[Opening INFORMATION PROVIDED section]

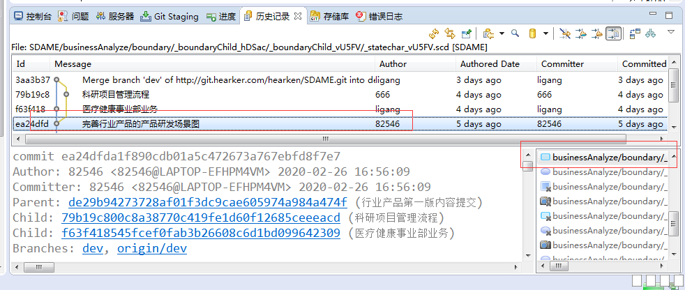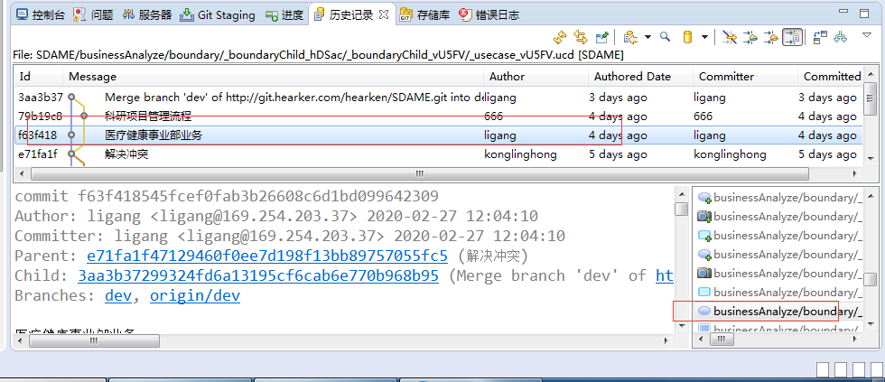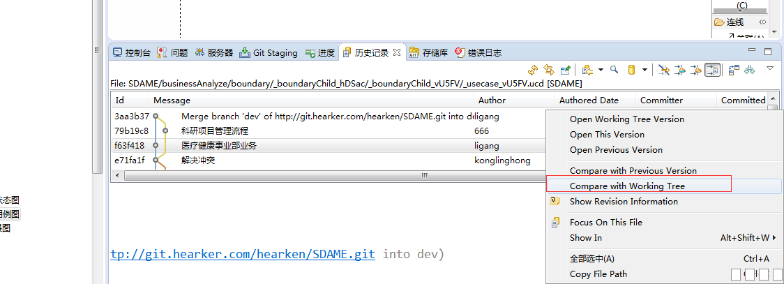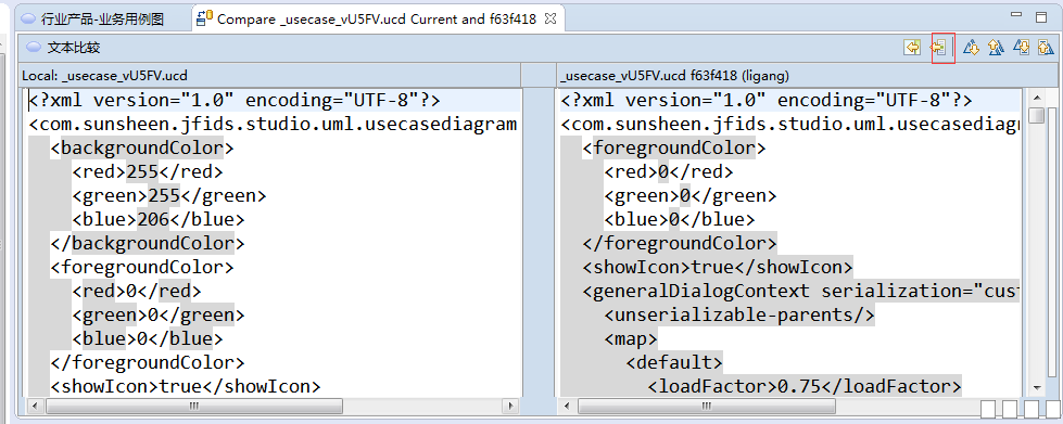 4.在出现的文本比较界面中,将右边的文本复制到左边,或者选择移动按钮,点击保存按钮,即可恢复到以前状态
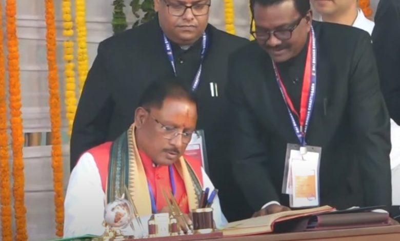 रायपुर। : मुख्यमंत्री विष्णुदेव साय ने ली छत्तीसगढ़ के मुख्यमंत्री की शपथ। राज्यपाल विश्वभूषण हरिचंदन ने दिलाई शपथ। पीएम मोदी सहित कई गणमान्य नेता मौजूद रहे। सीएम के बाद अरुण साव और विजय शर्मा ने डिप्टी सीएम पद की शपथ ली। राज्यपाल विश्वभूषण हरिचंदन ने दोनों उप मुख्यमंत्रियों को पद एवं गोपनीयता की दिलाई शपथ।
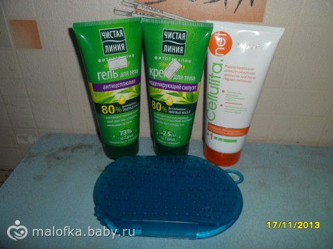 гель и крем от чистой линии и крем от маграв (типа разогревающий, но я ничего не почувствовала совершенно), ну и массажная щетка, в последнее время редко использую.
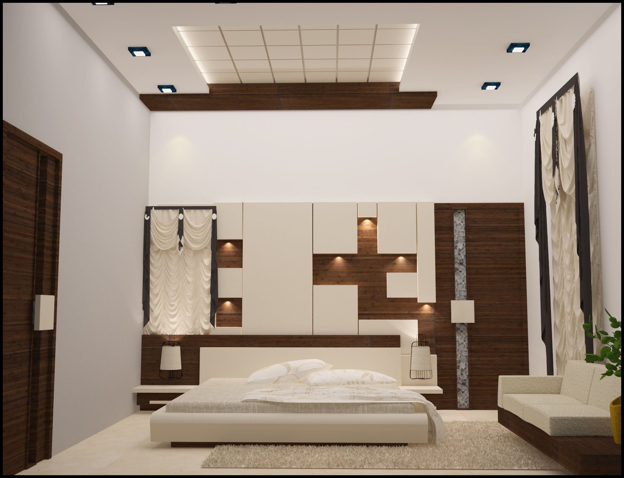 On the other hand padded and tufted headboards can look inviting and luxurious. Jun 18 2019 explore samad khan s board bedroom pop design on pinterest. Complete master bedroom remodel with stacked stone fireplace sliding barn door swing arm wall sconces and rustic faux ceiling beams.
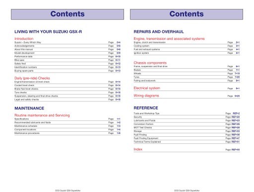 W książce opisano motocykle marki SUZUKI GSX-R600 serii V, W, X, Y (modele 1997-2000) oraz SUZUKI GSX-R750 serii T, V, W, X (modele 1996-1999). Książka zawiera historię modelu, przygotowanie motocykla do jazdy, szczegółowe dane techniczne, informacje o przeglądach okresowych, specyfikacje modelu, praktyczne porady i tricki serwisowe.
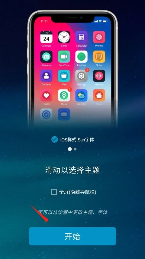 1、在本站安装此应用,打开后进入界面,通过滑动选择壁纸,然后点击“开始”。
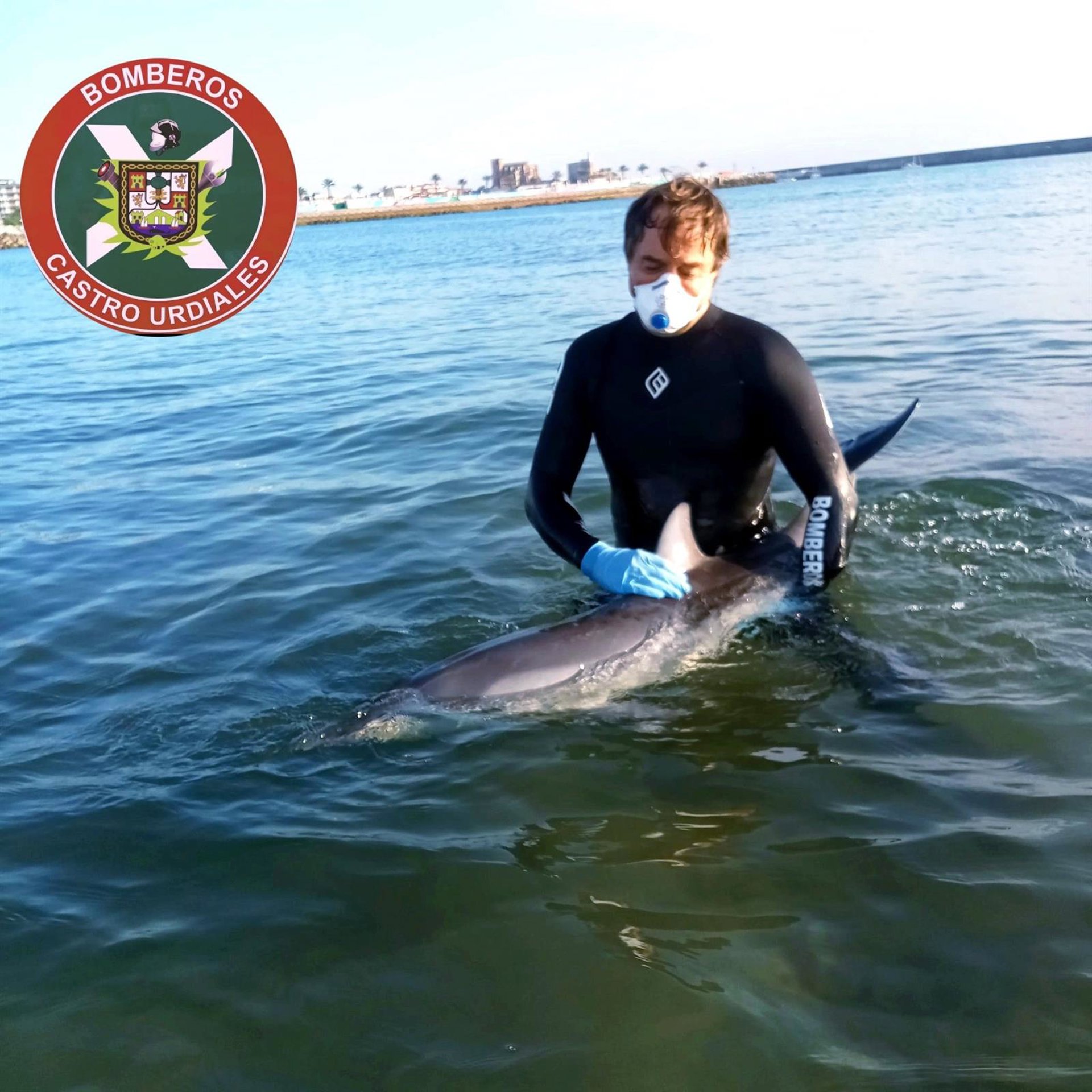 Tras el aviso, se movilizó a los Bomberos de Castro Urdiales y al resto de recursos del Gobierno de Cantabria y, mientras se trasladaban hasta el lugar, un ciudadano mantuvo al delfín en el agua, ha informado el 112 y Bomberos de Castro Urdiales en su cuenta de Twitter.
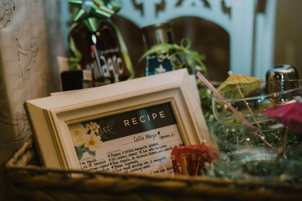 For dessert, Simma’s provided mini European-style desserts. There was also a coffee bar and a late-night snack of barbecue pulled pork sandwiches and potato chips. To outfit the space with furniture and flowers, blooms hailed from Creative Floral Designs while vintage accent pieces and linens came courtesy of Something Borrowed and More. “Huge shout-out to Jen for sending flowers to aunts and uncles who couldn’t be there with us!”
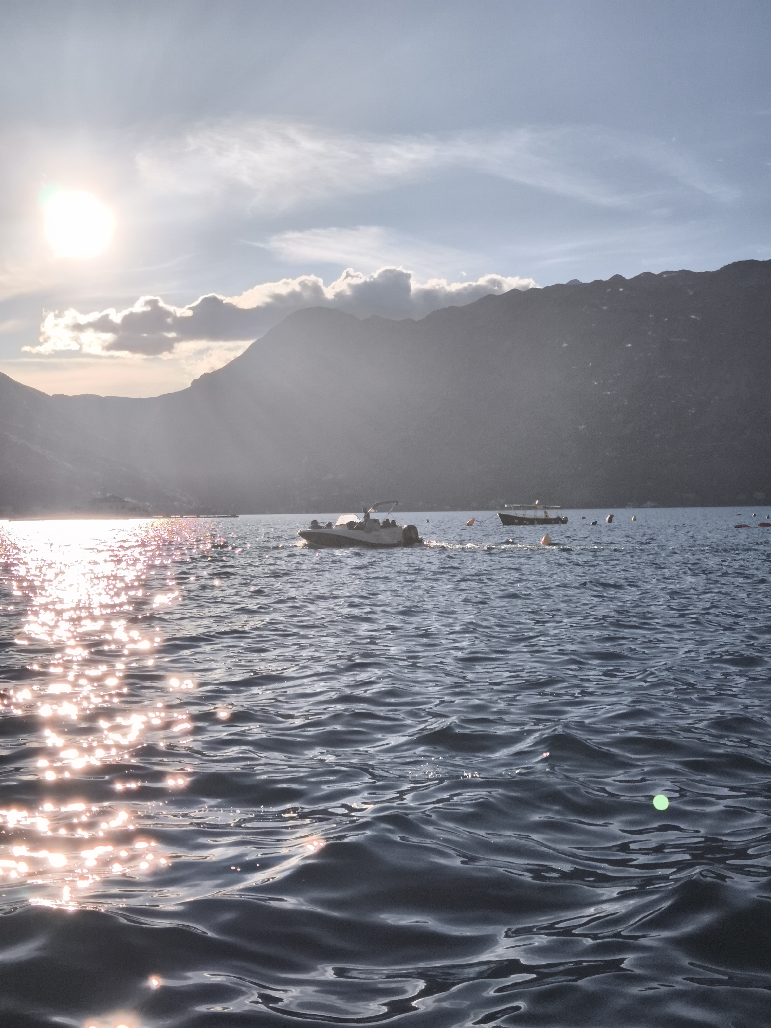 The image captures a serene scene in Perast, Montenegro, featuring a vast expanse of water under a partially cloudy sky. The sun, positioned high in the frame, casts a shimmering reflection across the water's surface, creating a sparkling effect. In the middle ground, two motorboats are visible, with people aboard one of them. The boats are navigating the calm waters. Buoys are floating in the water around the boats. In the background, the silhouette of mountains adds depth to the composition. The overall tone of the image is tranquil, highlighting the natural beauty of the Montenegrin coast.
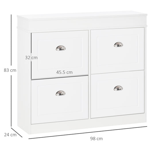 HOMCOM Shoe Cabinet with 4 Flip Drawers Wood Tipping Bucket Narrow Storage Cupboard with Adjustable Shelf Hall Organizer for Entrance Foyer White
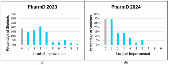 The distribution of improvement levels in students’ comfort with patient counseling on medical devices is shown in Figure 2. In this analysis, all negative values representing non-improvement (i.e., negative changes in comfort level) were aggregated as a value of zero. This approach simplifies the interpretation by considering all instances where no improvement or a decline in comfort occurred as non-improvement. By grouping negative values with zero, we aimed to provide a clearer distinction between students who did and did not show improvement, without overemphasizing minor regressions in comfort levels.
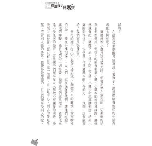 鷹媽媽在小鷹長到足夠大時,便會把墊在窩裡的一切柔軟的稻草羽毛都掀掉。樹枝上的刺會刺痛小鷹,小鷹本能地往邊緣蹭,鷹媽媽就會把小鷹推下去。為了防止下落,小鷹拚命地揮動翅膀,結果小鷹的命保住了,也學會了作為鷹基本的生存能力──飛翔。這個故事給了我們家長很多啟示。
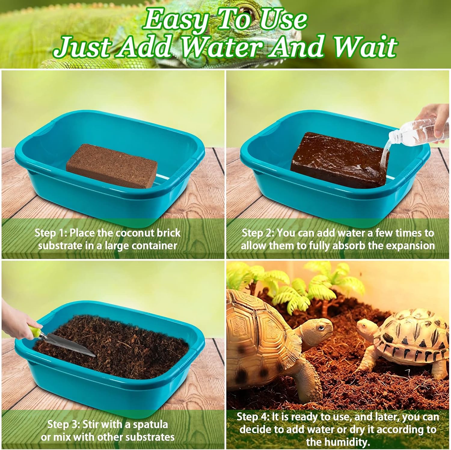 • Easy to Use and Store: These coco bricks are compressed and dense. Just soak the brick in water, coco coir will instantly and easily soak up water and expand into a clean, fluffy substrate. Our Coconut husk fiber is a great substrate for any reptile or amphibian that needs a substrate / bedding that can retain moisture
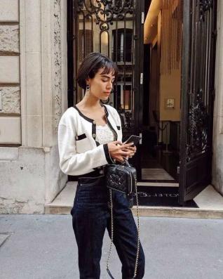 小香风的奶奶衫也很百搭!内搭小吊带,性感不外露;内搭换成衬衫,简单的搭配更加凸显它的独特和魅力。
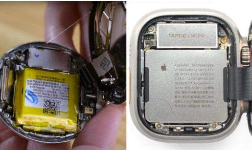 正如我們在下面的圖片中看到的那樣,內部的 Pixel Watch 看起來比 Apple Watch 更簡單,制造也更標準,因為一旦打開設備,肉眼就可以看到電池,而得到 Apple 的最后照顧。

[Closing INFORMATION PROVIDED section]

■ WHAT YOU NEED TO DO: Reproduce, word for word, the lines from the one containing "can retain moisture" through the final line above. Leave every picture out.

■ THE COMPLETED TASK:
 • Easy to Use and Store: These coco bricks are compressed and dense. Just soak the brick in water, coco coir will instantly and easily soak up water and expand into a clean, fluffy substrate. Our Coconut husk fiber is a great substrate for any reptile or amphibian that needs a substrate / bedding that can retain moisture
 小香风的奶奶衫也很百搭!内搭小吊带,性感不外露;内搭换成衬衫,简单的搭配更加凸显它的独特和魅力。
 正如我們在下面的圖片中看到的那樣,內部的 Pixel Watch 看起來比 Apple Watch 更簡單,制造也更標準,因為一旦打開設備,肉眼就可以看到電池,而得到 Apple 的最后照顧。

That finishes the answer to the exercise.